In the US, a new Summer Sanitarium tour followed, with Linkin Park and Limp Bizkit amongst the support acts on another series of stadium sell-outs. In the meanwhile, the fervor was slowly building for 'Some Kind Of Monster', the documentary film by Joe Berlinger and Bruce Sinofsky about the world of Metallica between 2001 and 2003. Ostensibly slated to be about the making of an album, the filmmakers found a whole new project developing when James went into rehab, and thus having been projected as a marketing tool, the end product ended up being an incredibly revealing two hour twenty minute documentary.
As the Mighty Metallica continued plowing on through the world (going back to Europe, Japan and then onto Australia in January), SKOM debuted to enormous critical acclaim at the 2004 Sundance Independent Film Festival in Utah in January.
And the year continued in the way that you'd imagine a Metalli-year does, with the band deciding to play (seemingly) every single town capable of hosting a major arena gig in North America (some 80-plus dates) with Godsmack in support on the ‘Madly in Anger With The World’ tour. Result? Oh well, the usual sell-outs you'd expect for this 'in-the-round' two hour thirty minute set which saw no song off limits and many a fan favorite raised from retirement for a gleeful airing. (P.S...there was another Grammy in February for Best Metal Performance – the song St. Anger).

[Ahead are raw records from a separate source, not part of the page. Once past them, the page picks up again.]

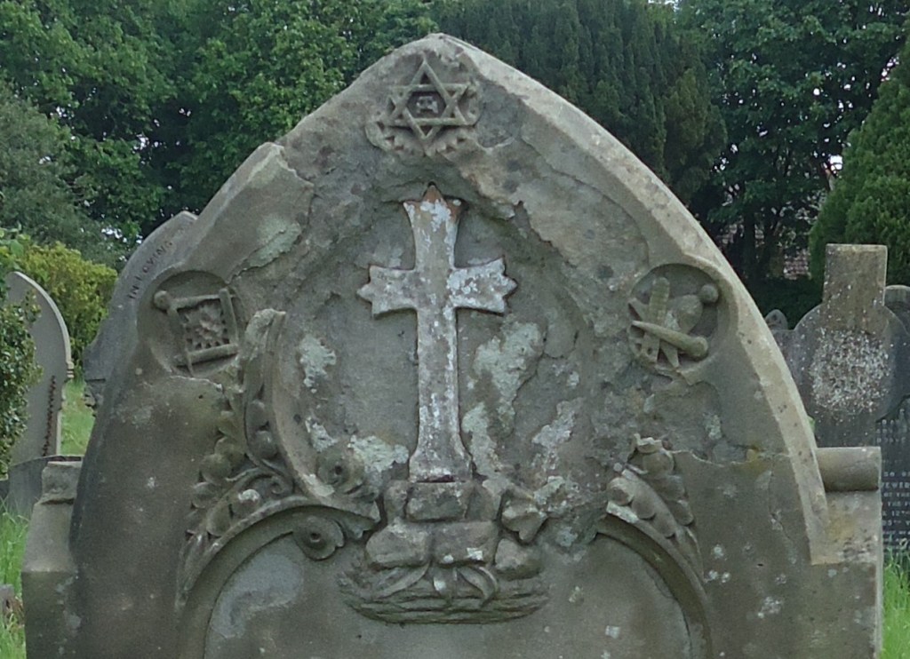 This headstone is decorated with numerous symbols, clearly indicating that Edwin Browne, who is buried here, was a Freemason.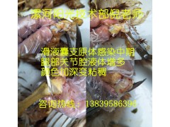 雞胸部龍骨上有膿性分泌物(透明色、黃顏色增生),腿關(guān)節(jié)、腳墊腫脹,有明顯鼓起,剪開可見黃顏色膿性分泌物。感染滑液囊支原體的雞隨著病情的發(fā)展,龍骨上的膿性分泌物增厚增大形成塊狀干酪物,腿關(guān)節(jié)腔的液體由早期的少量透明色發(fā)展為粘稠的黃顏色液體、橘紅色干酪物。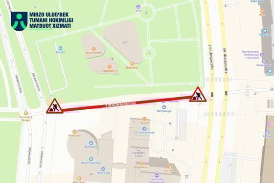Как отметили в администрации, с 14:00 18 октября до 20 декабря участок улицы Узбекистон овози от пересечения с улицей Шахрисабз до улицы Истиклол будет закрыт для движения.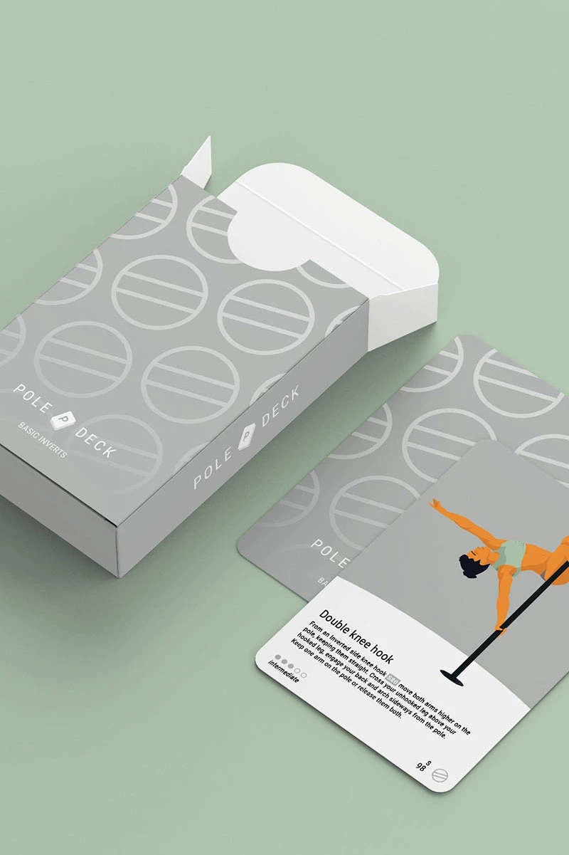 Basic Inverts are highly sought-after milestones in any pole dancer’s journey. These moves require a lot of core strength and willingness to move the body upside down, but they will unlock a whole new world of amazing tricks. You will find inverts as leg hangs, shoulder mounts, laybacks, and their variations. Some moves may seem impossible at first but the more you try, the stronger you become. Start with elementary tricks first, feel safe and try both sides, before trying more difficult tricks. The cards will give more advanced pole dancers the opportunity to combine different figures which will increase the difficulty. There is a short description and the level and category of the tricks on each card.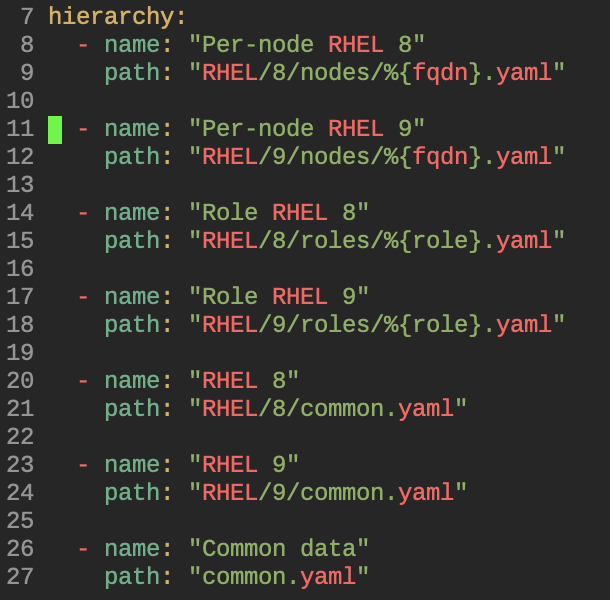 For my environment, I've defined a simple hierarchy based on all hosts (common), Red Hat 8, Red Hat 9, various roles, and individual hosts.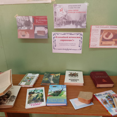 К этой дате 26 января заведующая библиотекой в Краснореченской СОШ для учащихся школы провела час мужества «Блокадной вечности страницы!». Ведущая рассказала ребятам о тяжелых испытаниях, выпавших на долю жителей осажденного закрытого города Ленинграда: о голоде и холоде, о детях и женщинах, работавших наравне с мужчинами на заводах, о защите и обороне Ленинграда советскими солдатами. Библиотекарь рассказала учащимся о героизме и стойкости жителей Ленинграда, о строительстве спасительной «дороги жизни» через Ладожское озеро, о том, как город был превращен в крепость, как питались жители, как работали на заводах их ровесники, как учились в бомбоубежищах. Судьба ленинградских детей и рассказ о Тане Савичевой и её семье, особо затронули сердца ребят. В ходе мероприятия звучали отрывки произведения О.Бергольц, седьмая симфония в блокадном Ленинграде Дмитрия Шостоковича. Большое впечатление на ребят произвел рассказ о норме хлеба блокадников, о том, что значили в то время хлебные карточки. Рассказ сопровождался показом презентации «900 блокадных дней». В память об блокадном хлебе была проведена акция «Блокадный хлеб», ребятам раздали кусочек хлеба весом 125 грамм и хлебную карточку. Дополнила мероприятие оформленная книжная выставка, где расположилась литература, рассказывающая о тех значимых событиях. Встреча получилась насыщенной и полезной.
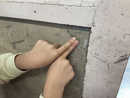 三角定規を使って、教室の中にある直角の形を見つけました。

July saw the nationwide theatrical debut of Some Kind Of Monster which opened to enormous critical acclaim and went on to hold its own in North American theaters for three months before going through Europe. And August also saw the release of the first official Metallica book, So What! The Good, the Mad, and the Ugly, an edited compilation of the band's fan club magazine spanning 10 years from 1994 to 2004.
And still the tour continued, selling out venues right through to its final date in San Jose, California on November 29, 2004...
A busy spell? By the standards of many, most certainly. By Metallica's? Business as usual.